## Task brief
Reproduce, exactly and in full, only the lines below from the one containing "Regardez l’attaquant des" through the one containing "10月4日(日) 2日(金)".

## Data supplied
↓
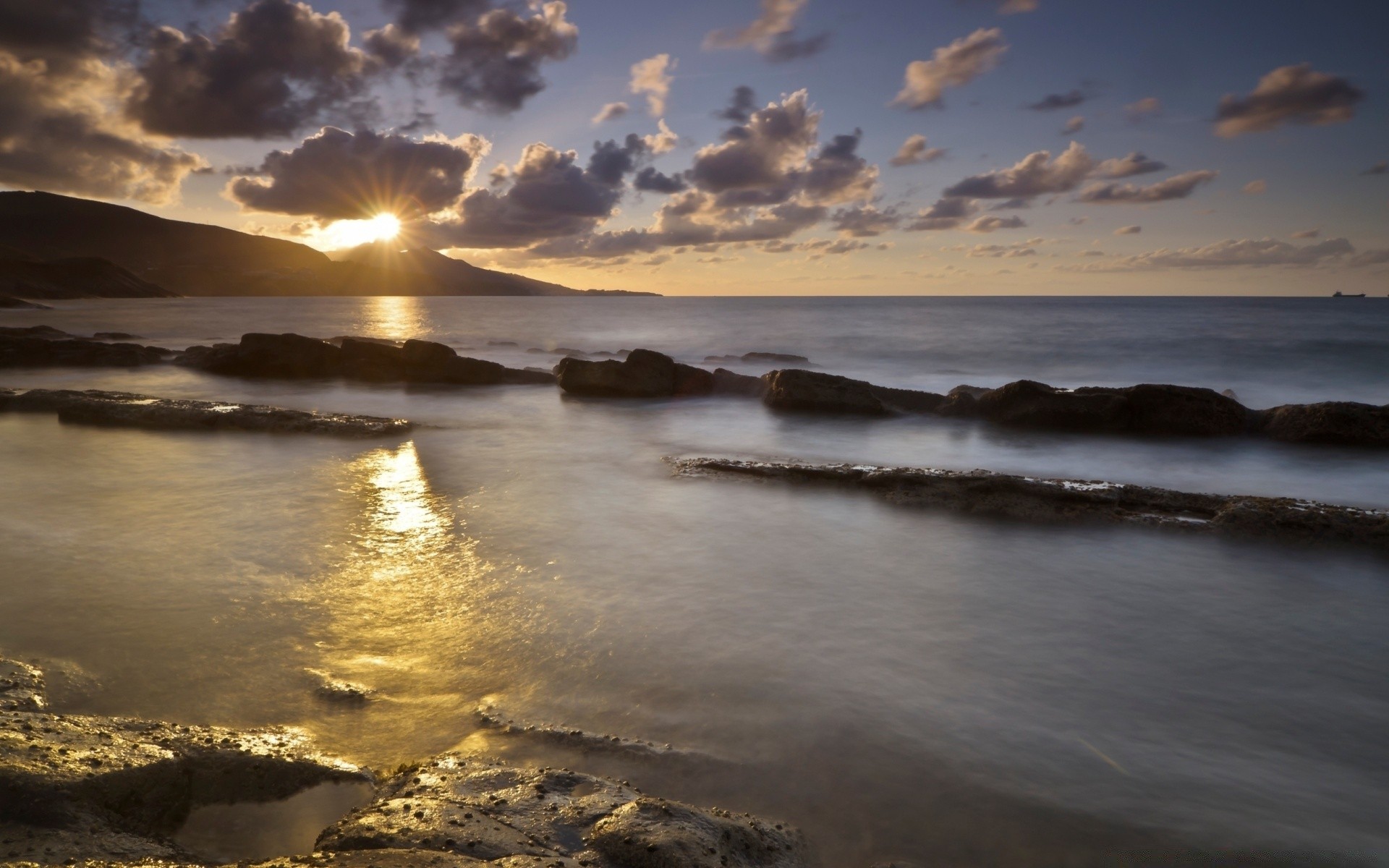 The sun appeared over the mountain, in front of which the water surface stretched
↑
↓
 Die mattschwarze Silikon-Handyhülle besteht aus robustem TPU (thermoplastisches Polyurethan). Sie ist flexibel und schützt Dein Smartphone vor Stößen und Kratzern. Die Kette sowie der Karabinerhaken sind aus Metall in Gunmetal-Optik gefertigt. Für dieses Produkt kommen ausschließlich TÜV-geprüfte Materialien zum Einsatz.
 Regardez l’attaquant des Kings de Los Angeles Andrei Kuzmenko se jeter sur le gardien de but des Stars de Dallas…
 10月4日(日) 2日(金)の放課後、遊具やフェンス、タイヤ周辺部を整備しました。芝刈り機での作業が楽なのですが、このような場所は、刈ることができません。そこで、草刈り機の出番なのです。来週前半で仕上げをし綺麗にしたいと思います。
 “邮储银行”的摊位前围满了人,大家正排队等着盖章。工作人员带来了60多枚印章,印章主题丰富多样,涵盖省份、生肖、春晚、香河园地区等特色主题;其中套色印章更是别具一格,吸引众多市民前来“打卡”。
↑
## Your response
 Regardez l’attaquant des Kings de Los Angeles Andrei Kuzmenko se jeter sur le gardien de but des Stars de Dallas…
 10月4日(日) 2日(金)の放課後、遊具やフェンス、タイヤ周辺部を整備しました。芝刈り機での作業が楽なのですが、このような場所は、刈ることができません。そこで、草刈り機の出番なのです。来週前半で仕上げをし綺麗にしたいと思います。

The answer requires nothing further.